Friday, March 27, 2009

Amateur Astronomy

So I have been trying to get my feet wet with amateur astronomy for a while now. I finally have a good book with some star charts, and a nice set of binoculars suitable for star-gazing. Tonight I thought I was going to go to my first Eugene Astronomical Society meeting but the meeting was actually last night. So on a lark I decided to grab my gear and head up to someplace really dark - I settled on a place I'd seen mentioned on the EAS mail list, Eagle's Rest. My motivation for leaving the house had as much to do with wanting to get away from distractions as with needing more dark - we have really very good skies here at the house depending how many neighbors have porch lights on on any given night.

Before I left I checked various sources of detailed weather forecasting, and I had this notion that I might have dark, clear skies for a little while right after sunset. So I drove the 40 minutes out and up the hill on Eagle's Rest Road. The fragmentary directions I had suggested there was a clear site a mile and a half up, and there it was, a little ways past the end of the pavement, a little turn-off surrounded by muddy 4x4 ruts and thousands of spent rounds of ammunition. Sad, really, that people can't be bothered to pick up after themselves.

It was still fairly light, so I settled down to review my books and practice with my binoculars. Soon though a large cloud bank started to slide in over my location. In another half hour there was a tiny open patch of sky with a single solitary star visible in it. The binoculars turned this into a pepper-specked field of deep blue. I jumped from one hole to the next for a while, just practicing focusing. I tracked a couple of airplanes, and a couple of satellites.
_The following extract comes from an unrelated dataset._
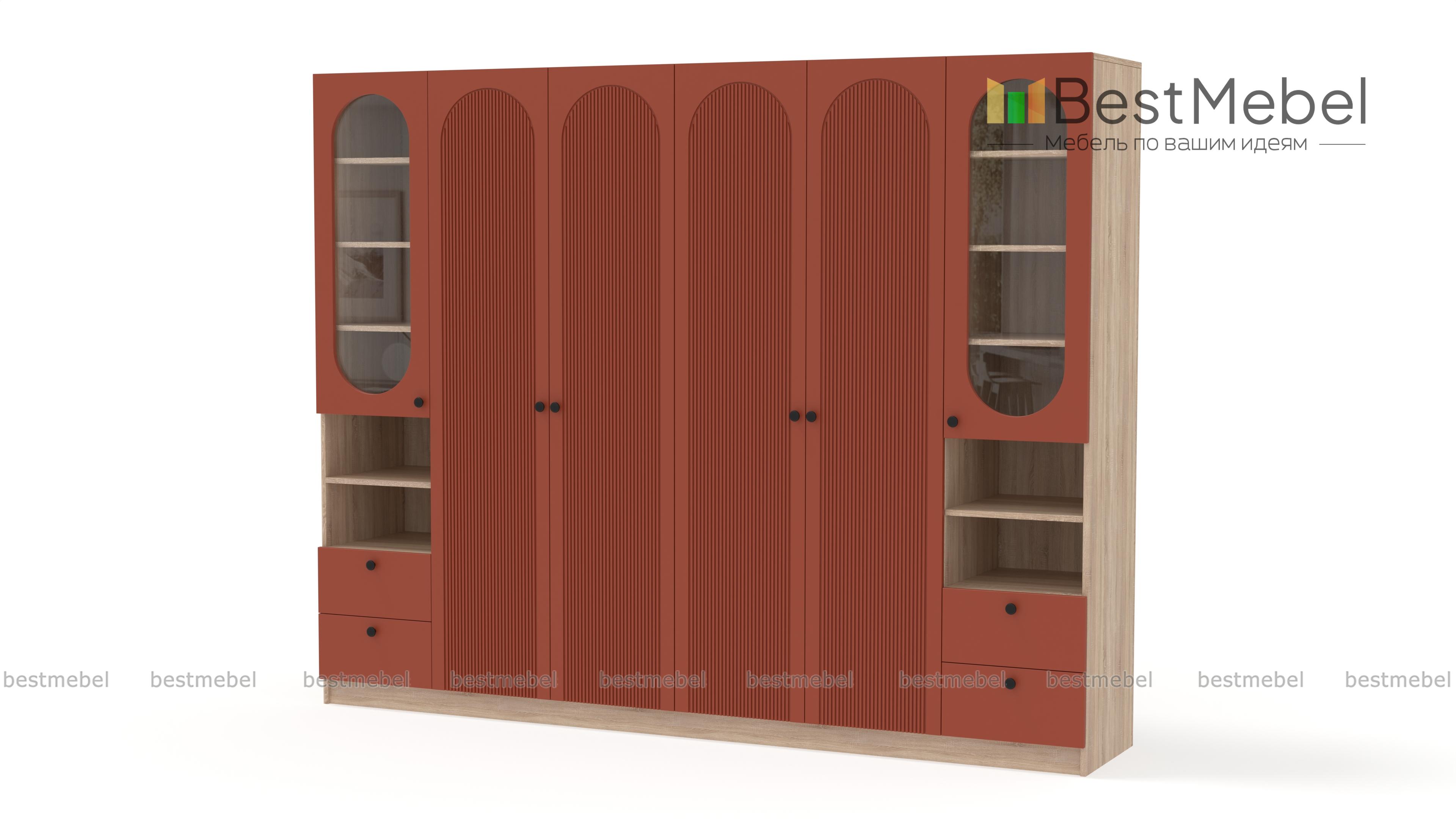 Шкаф распашной Рене 16 BMS представляет собой комбинацию двух платяных отделений в центре и двух витрин. Габаритная конструкция не выглядит громоздко благодаря светлому оттенку корпуса и фасадов, изящной фрезеровке арками и овальным вырезам. Разноплановые отделения позволяют разместить как одежду, так и книги, бокалы, всевозможные мелочи и интерьерные аксессуары. Купить шкаф распашной Рене 16 BMS вы сможете в нашем интернет-магазине с изготовлением по индивидуальным размерам.
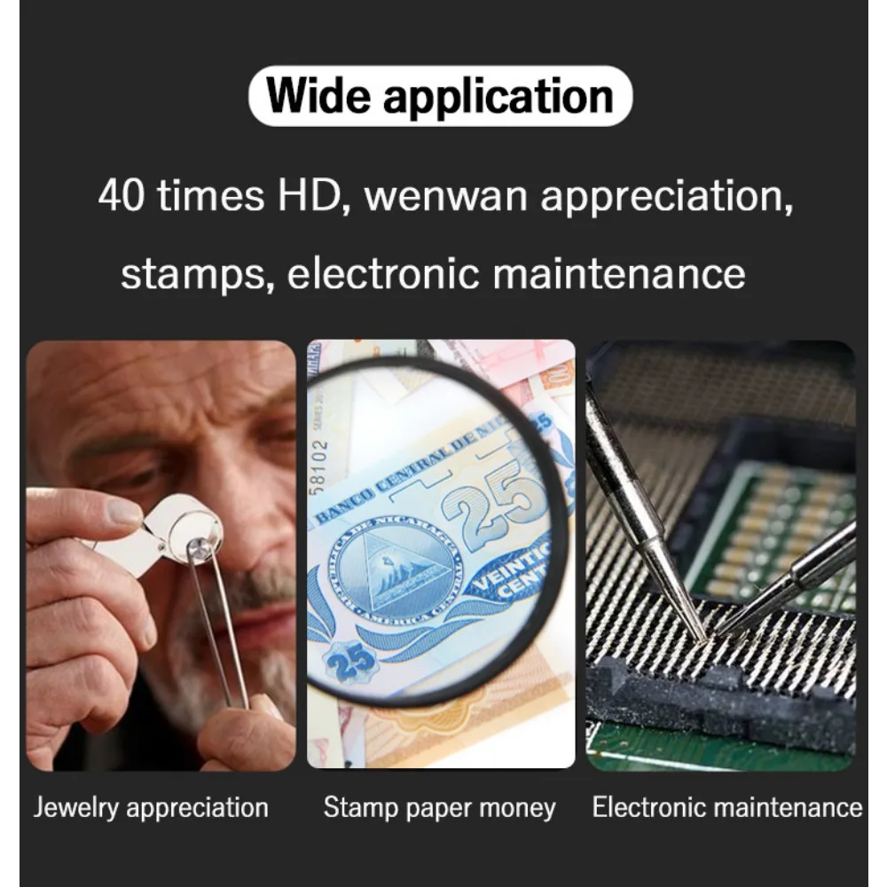 1. High Magnification: 40X magnifying power to help you see the smallest details of your jewelry, diamonds, and jade.

There were hundreds or thousands of frogs nearby calling wildly. However any time I made a distinct noise, they would all stop very suddenly. It was really strange. They would also stop when a dog who had to be a mile away would bark. Once I heard a coyote.

Finally it was dark, and the southern quarter of the sky opened up. I was able to locate right away what I was sure was the Pleiades, and near it Taurus. My mom taught me a few constellations when I was 8 or 9 and those two were ones I felt pretty confident about. But I couldn't line it up on the chart and I feared I might be wrong. The clouds were darting around. I saw some interesting stuff, but I got discouraged and started to drive back down the hill.

As soon as I got to the bottom of the hill I looked south and now the sky was much more clear. I stood there trying to get my bearings. Suddenly the clouds pulled back and I recognized unmistakable Orion! I corroborated the position of Taurus and Pleiades, and tried to find some other constellations. I think I found Pegasus and Gemini. But I went back to Orion and saw what must have been the nebula. Then I saw a shooting star, and traced another, brighter satellite all the way across the sky.

I love looking at the stars! I can't wait to really get my bearings, so I can be prepared for deeper explorations!